### [What this task involves]
From the first line to the last, return the data exactly, with no pictures.

Extracted information: Begin

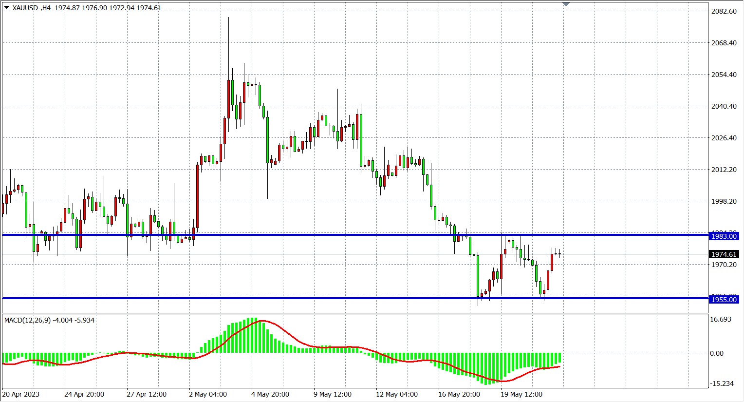 周二(5月23日)由于新一轮债务上限谈判缺乏进展,且数据表明美国制造业重陷萎缩,现货黄金县长后跌,走出V型反弹,最终收涨0.29%。展望后市,由于围绕美国债务上限讨论的不确定性仍存,金价走势仍较为动荡。
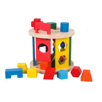 การจับคู่รูปทรงเรขาคณิตของกล่องไม้รูปทรงกระบอกมีรูพรุนเพื่อการเรียนรู้ของเล่นปริศนาสำหรับเด็กปฐมวัย
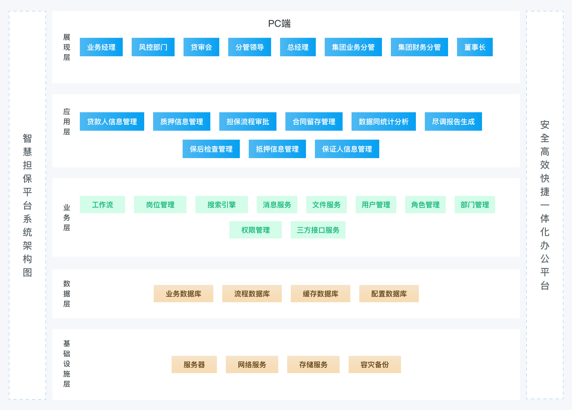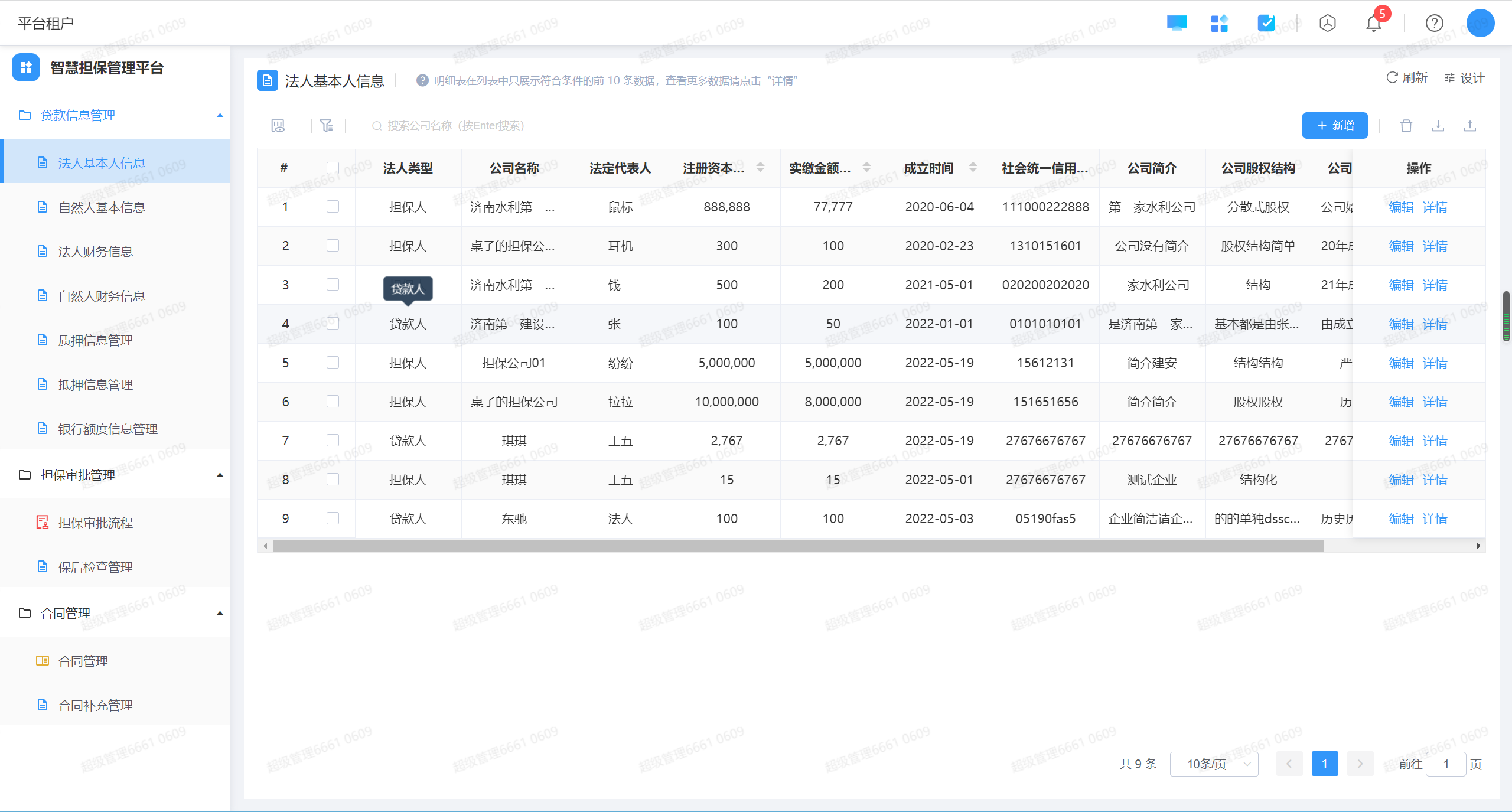 智慧担保管理平台统通过对贷款人、反担保人以及质押信息、抵押信息等数据的收集完成对担保业务的线上审批、保后检查、合同留存等功能。系统包括:权限中心、任务中心、贷款信息管理、担保审批业务管理、合同管理等功能。
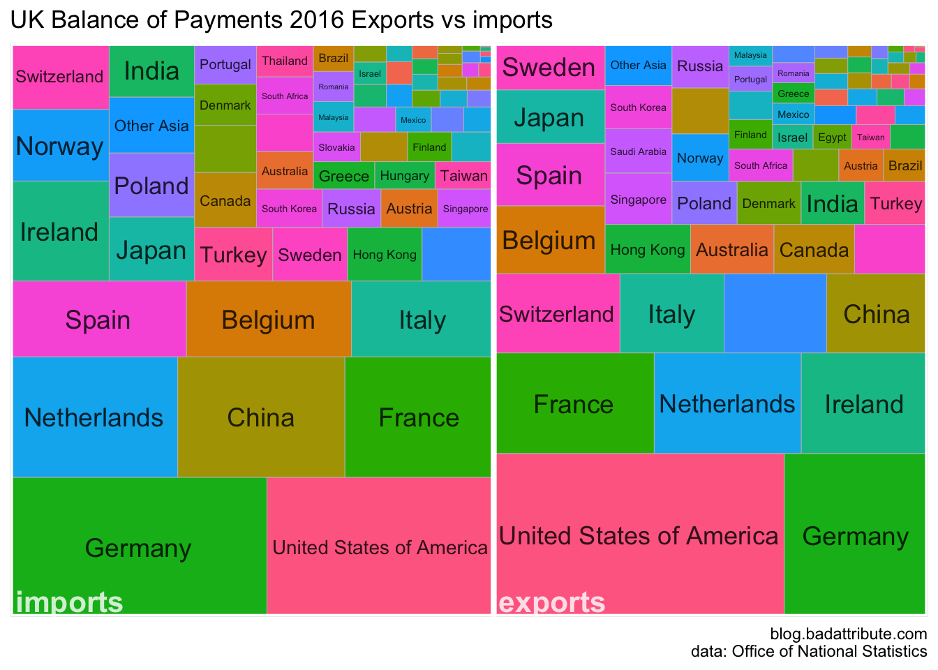 labs(title = "UK Balance of Payments 2016 Exports vs imports", caption ="blog.badattribute.com\ndata: Office of National Statistics") +
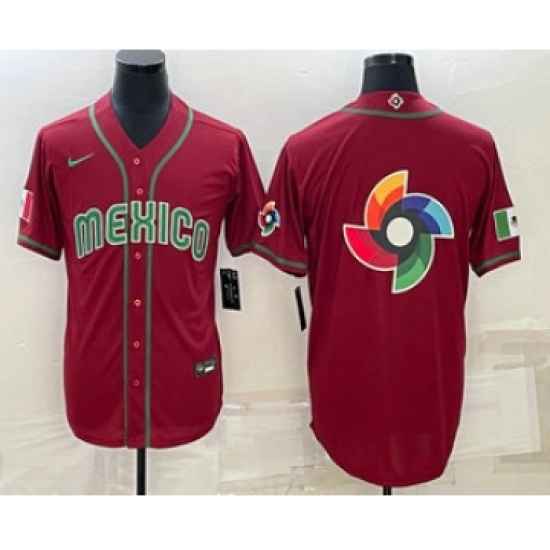 >Men's Mexico Baseball 2023 Red World Baseball Big Logo Classic Stitched Jerseys
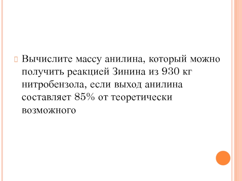 Слайд 9Вычислите массу анилина, который можно получить реакцией Зинина из 930 кг
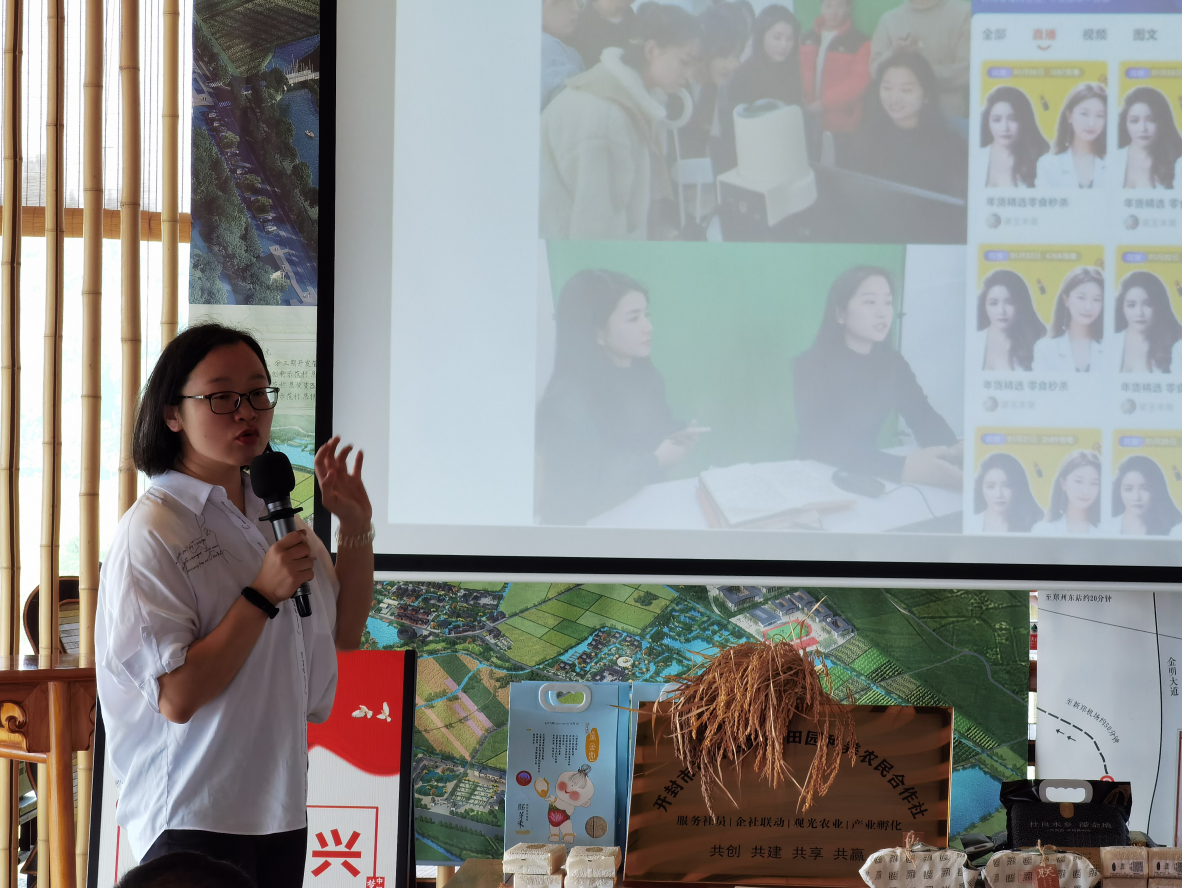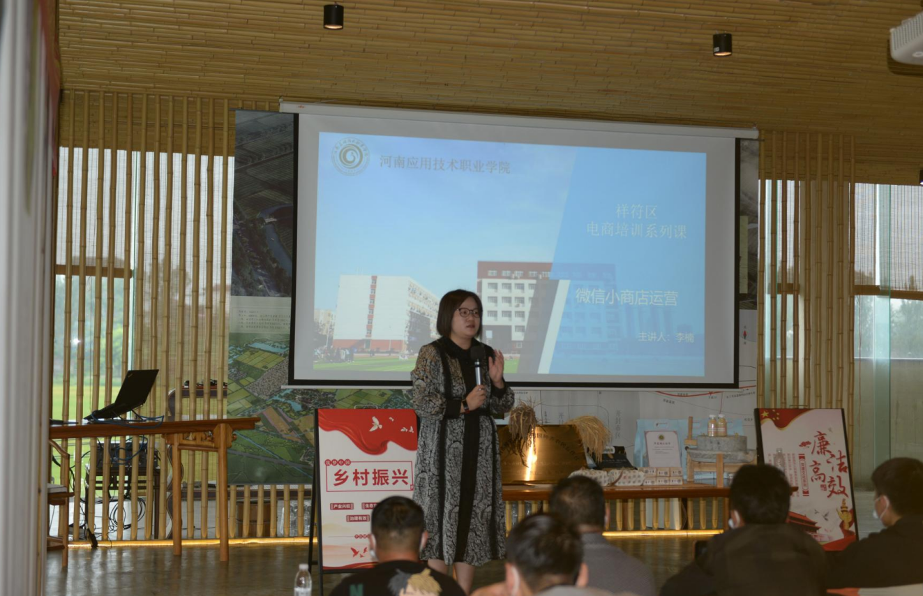 本次培训是受开封市祥符区商务局邀请,由2026世界杯官网李楠、吴昀、朱海三位老师主讲,电子商务工作室的曹颖、段笑迎、于秋东三位同学作为技术助教开展的一次旨在提升乡村电商人才素养的培训。李楠老师从微信小商店、爆款文案两个方面讲解了新时代农村电商如何通过社交平台实现流量增长;吴昀老师讲解了如何通过短视频+直播的电商运营模式发展乡村旅游和农产品产业;朱海老师带领学员现场实操短视频拍摄和剪辑;曹颖、段笑迎、于秋东同学现场展示了一场“直播带货真人秀”,娴熟的直播技术在短短30分钟的时间,引流一千多人围观。

Extracted information: End

### [Completed exercise]
 周二(5月23日)由于新一轮债务上限谈判缺乏进展,且数据表明美国制造业重陷萎缩,现货黄金县长后跌,走出V型反弹,最终收涨0.29%。展望后市,由于围绕美国债务上限讨论的不确定性仍存,金价走势仍较为动荡。
 การจับคู่รูปทรงเรขาคณิตของกล่องไม้รูปทรงกระบอกมีรูพรุนเพื่อการเรียนรู้ของเล่นปริศนาสำหรับเด็กปฐมวัย
 智慧担保管理平台统通过对贷款人、反担保人以及质押信息、抵押信息等数据的收集完成对担保业务的线上审批、保后检查、合同留存等功能。系统包括:权限中心、任务中心、贷款信息管理、担保审批业务管理、合同管理等功能。
 labs(title = "UK Balance of Payments 2016 Exports vs imports", caption ="blog.badattribute.com\ndata: Office of National Statistics") +
 >Men's Mexico Baseball 2023 Red World Baseball Big Logo Classic Stitched Jerseys
 Слайд 9Вычислите массу анилина, который можно получить реакцией Зинина из 930 кг
 本次培训是受开封市祥符区商务局邀请,由2026世界杯官网李楠、吴昀、朱海三位老师主讲,电子商务工作室的曹颖、段笑迎、于秋东三位同学作为技术助教开展的一次旨在提升乡村电商人才素养的培训。李楠老师从微信小商店、爆款文案两个方面讲解了新时代农村电商如何通过社交平台实现流量增长;吴昀老师讲解了如何通过短视频+直播的电商运营模式发展乡村旅游和农产品产业;朱海老师带领学员现场实操短视频拍摄和剪辑;曹颖、段笑迎、于秋东同学现场展示了一场“直播带货真人秀”,娴熟的直播技术在短短30分钟的时间,引流一千多人围观。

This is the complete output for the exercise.